Global Network Outlines Mission Priorities

Episcopal News Service. June 22, 2004 [062204-1]

Bob Kinney, , Director of Communications for Episcopal Seminary of the Southwest

Missionaries from America and their partners in mission brought unique perspectives to the current process of reconciliation at the conference of the Global Episcopal Mission (GEM) Network, which met June 16-18 at the Episcopal Seminary of the Southwest (ETSS) in Austin, Texas.

"The quality of presence we must have in the current turmoil must be that of companions" who listen, ask questions, and listen some more. "We need to honor the missional concerns of those on all sides of the controversy," said the Very Rev. Titus Presler, dean of ETSS, during his keynote address.

Many people "have been caught by surprise" by the feelings in other parts of the Communion, Presler added. "Many Episcopalians are global in their professional lives but parochial in their Christian lives ... They often know little about Christians, let alone Anglicans" throughout the world.

Presler urged the conference attendees to continue to "initiate and nourish" companion diocese relationships that have done much to bring Anglicans around the world together in the past 30 years. Twenty dioceses across the United States were represented among the 50 people who gathered at the seminary for the GEM conference.

Heart of mission

"Mission is ministry in the dimension of difference," Presler asserted. As the world struggles with difference and "people are dying over difference, reaching out and embracing difference is still the heart of mission," said Presler, former chair of the church's standing commission on mission.

"God created some kinds of difference as an expression of the rich diversity of existence" but "the human family has constructed differences of wealth, privilege, status and power that are maintained by oppressive structures of wealth, privilege, status and power," he said during the conference's keynote address entitled "One Hope in God's Call: Mission is Ministry in the Dimension of Difference."

The full text of Presler's address, more information about the GEM and the conference, and photos are available at www.etss.edu/GEM04.shtml

"The people of the Episcopal Church who participated in the GEM conference are genuinely concerned about the life and ministry of the church," said Bishop Ikechi Nwachukwu Nwosu of Umuahia in Nigeria, who led Bible study through the three-day conference. "We came together and studied together; prayed together and reflected together."

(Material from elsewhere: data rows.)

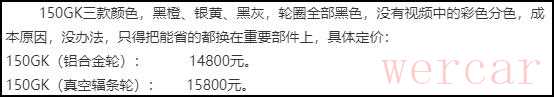 车身配色方面,GK150共有黑橙、银黄、黑灰三种配色,不过轮圈全部都是黑色的,而不是宣称片中的拼色轮圈。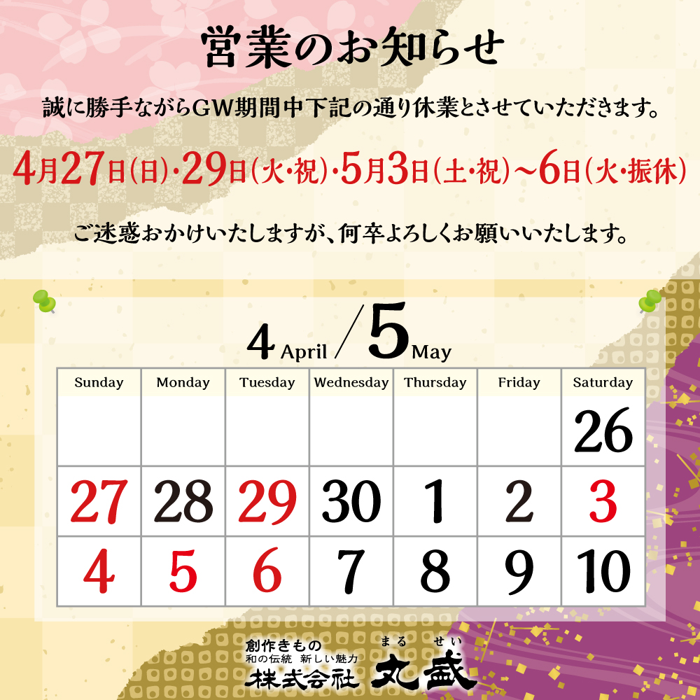 2025年04月25日 “GW期間の営業日のお知らせ”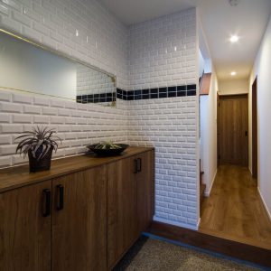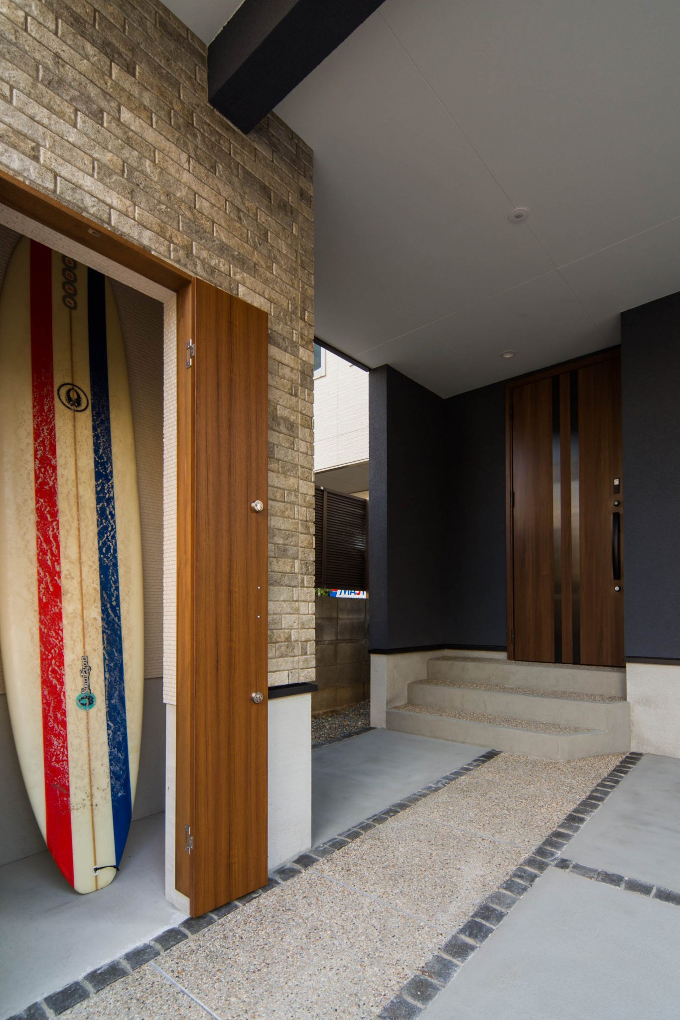構造上、どうしても必要な壁を利用して外部収納を設置。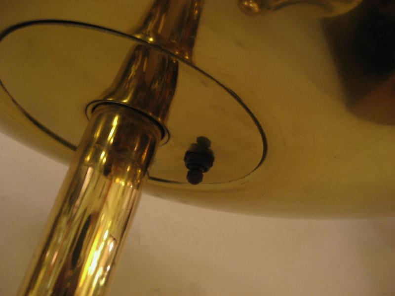 | 多少の変色(ブラス特有の黒ズミ)と薄いサビ程度、アッパーシェードに少しゆがみが見られますが全体的に良いビンテージコンディションです。 | |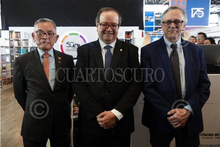CIUDAD DE MÉXICO, 27AGOSTO2024.- José Antonio de los Reyes Heredia, rector de la Universidad Autónoma de México (UAM); Leonardo Lomelí Vanegas, rector de la Universidad Nacional Autónoma de México (UNAM), y Rodrigo Arim, rector de la Universidad de la República de Uruguay (UDELAR), durante la inauguración de la VI Feria Internacional del Libro de las Universitarias y los Universitarios realizada en el Centro de Exposiciones y Congresos UNAM. FOTO: GRACIELA LÓPEZ /CUARTOSCURO.COM
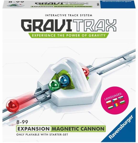 Ravensburger - GraviTrax mágneses ágyú kiegészítő készlet (22413) Még több energia a pályáidra! A készlet segítségével látványos magasságkülönbségeket győzhetsz le, így a golyó még tovább gurul. Bővítsd ki a mágneses ágyúval a GraviTrax kezdőkészleted. Növeld a kombinációs lehetőségeidet, és építs még összetettebb golyópályavilágokat. Kizárólag valam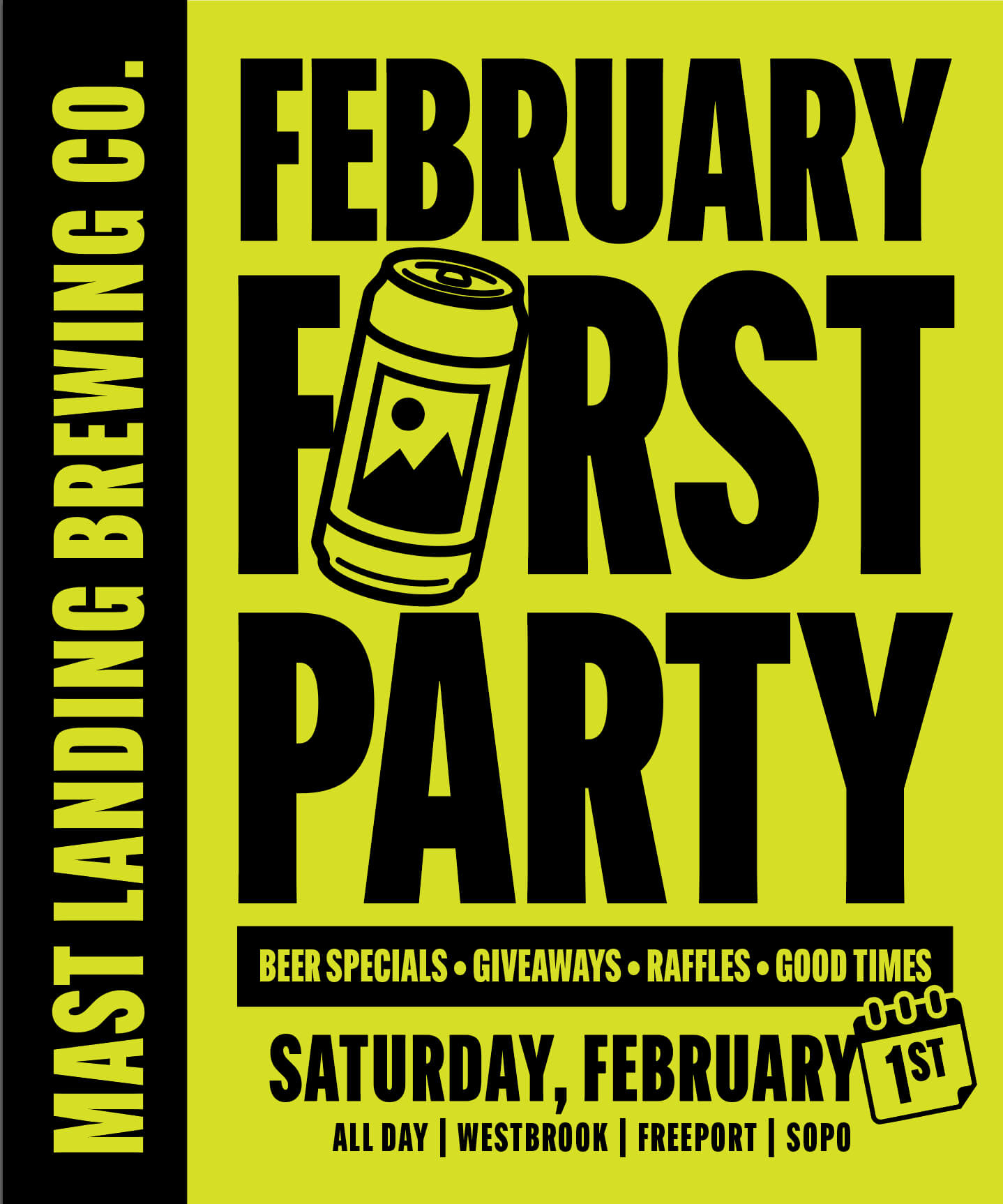 Head to any Mast Landing taproom celebrate one of the top 12 months of the year, FEBRUARY! We’ll have beer specials, giveaways, raffles and all around good vibes open to close as we enter the second month of 2025. Stay tuned for details, we might have a few more things to celebrate on 2/1!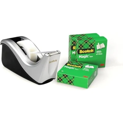 NON-SKID, WEIGHTED BASE: The weighted and non-skid base allows for easy one-handed unrolling and cutting of tape EASY TO USE: Easy to find the end of the tape, unwind the roll and cut the desired length of the tape REFILL, REUSE, REPEAT: Dispenser is easy to refill with Scotch Brand tapes with 2.54 cm core Scotch Magic Invisible Tape included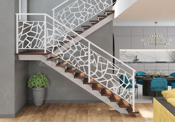 Ажурное ограждение лестницы сочетает в себе плавность линий и строгий математический расчет.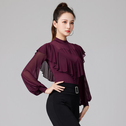 拉丁舞上衣2025新款女长短袖春秋季摩登舞国标交谊练功广场舞蹈服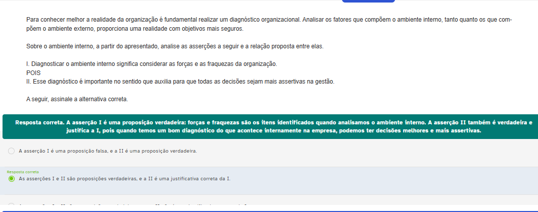 Para conhecer melhor a realidade da organização é fundamental realizar um diagnóstico organizacional. Analisar os fatores que compõem 0 ambiente interno, tanto quanto os que com- 0 ambiente proporciona uma realidade com objetivos mais seguros. Sobre 0 ambiente a partir do apresentado, analise as asserções a seguir e a relação proposta entre I. Diagnosticar 0 ambiente interno significa considerar as forças e as fraquezas da POIS II. Esse diagnóstico é importante no sentido que auxilia para que todas as decisões sejam mais assertivas na gestão. A seguir, assinale a alternativa correta. Resposta correta. A asserção uma proposição verdadeira: forças fraquezas são os itens identificados quando analisamos ambiente interno. A asserção II também é verdadeira e justifica a pois quando temos um bom diagnóstico do que acontece internamente na empresa, podemos ter decisões melhores e mais assertivas. A asserção I é uma proposição falsa, e a II é uma proposição Resposta correta As asserções I e II são proposições II é uma justificativa correta da

"People in Nigeria don't hate the Episcopal Church. My coming here to the conference shows that we still want to hold all hands because we are all pilgrims seeking the common good. We can't do it alone," he added.

"It's 'We' not 'I,'" Nwosu emphasized. "The Episcopal Church is 'I,' the Anglican Church in Nigeria is 'I,' the Church of England is 'I,' but the Anglican Communion is 'We.' This is also true for Roman Catholics, Methodists and all other faiths--we all are inquiring about what God wants of us. We must be patient, listen and be open-minded because God is always taking us to new territory if only we are open to it."

Echoing Nwosu's call for unity, Bishop Leo Frade of Southeast Florida pointed out how mission can unify the church, during a GEM conference talk.

Volunteers flocked to Honduras in 1998 when Hurricane Mitch killed thousands and destroyed nearly 80 percent of its buildings and crops when Frade was bishop of that country. He recalled that four separate groups of volunteers with widely differing perspectives arrived by plane and were assigned to build two houses next to each other.

Members of the South American Missionary Society of the Episcopal Church (SAMS), Integrity USA, a charismatic church in America and church center staff from the then Presiding Bishop's Relief Fund (now ERD) made up the four groups. "No matter what their differences were, they mixed cement and worked together for a single mission," Frade said.

Reflecting on the current turmoil within the Anglican Communion, Frade spun a tale of Jesus and his brother ("let's call him James," the bishop said) during their youth. James caught a lizard and in boyish bravado killed it. Jesus picked it up, blew a breath into it and the lizard returned to life. After this, death and resurrection was repeated twice more, James asked Jesus "how can I do this?" "What?" Jesus replied. "Beat up the lizard or bring it back to life?"

"Three billion people--half of the world's population--live on less than $2 a day. One third of those people live on less than $1 a day," Frade said. "Do we have time to deal with what we're dealing with while we're waiting for September and the Eames Commission report? Let's stop beating the lizard and learn how to breathe life into the mission of the church."

"It's up to us to make a difference in the world," he added. "The Episcopal Church is a small church but so what? Don't be deterred when some say 'We can't do that.'" Recalling what it's like when a mosquito hovers around you, Frade urged the mission advocates to be "mosquitoes for mission" by persistently saying to God "Yes, I will serve you" again and again and again.

"The antidote to cynicism isn't optimism; it's action," he concluded. "Action is born of hope and obeying the Great Commission. When you hoist your sail of faith, what counts isn't you; it's the wind."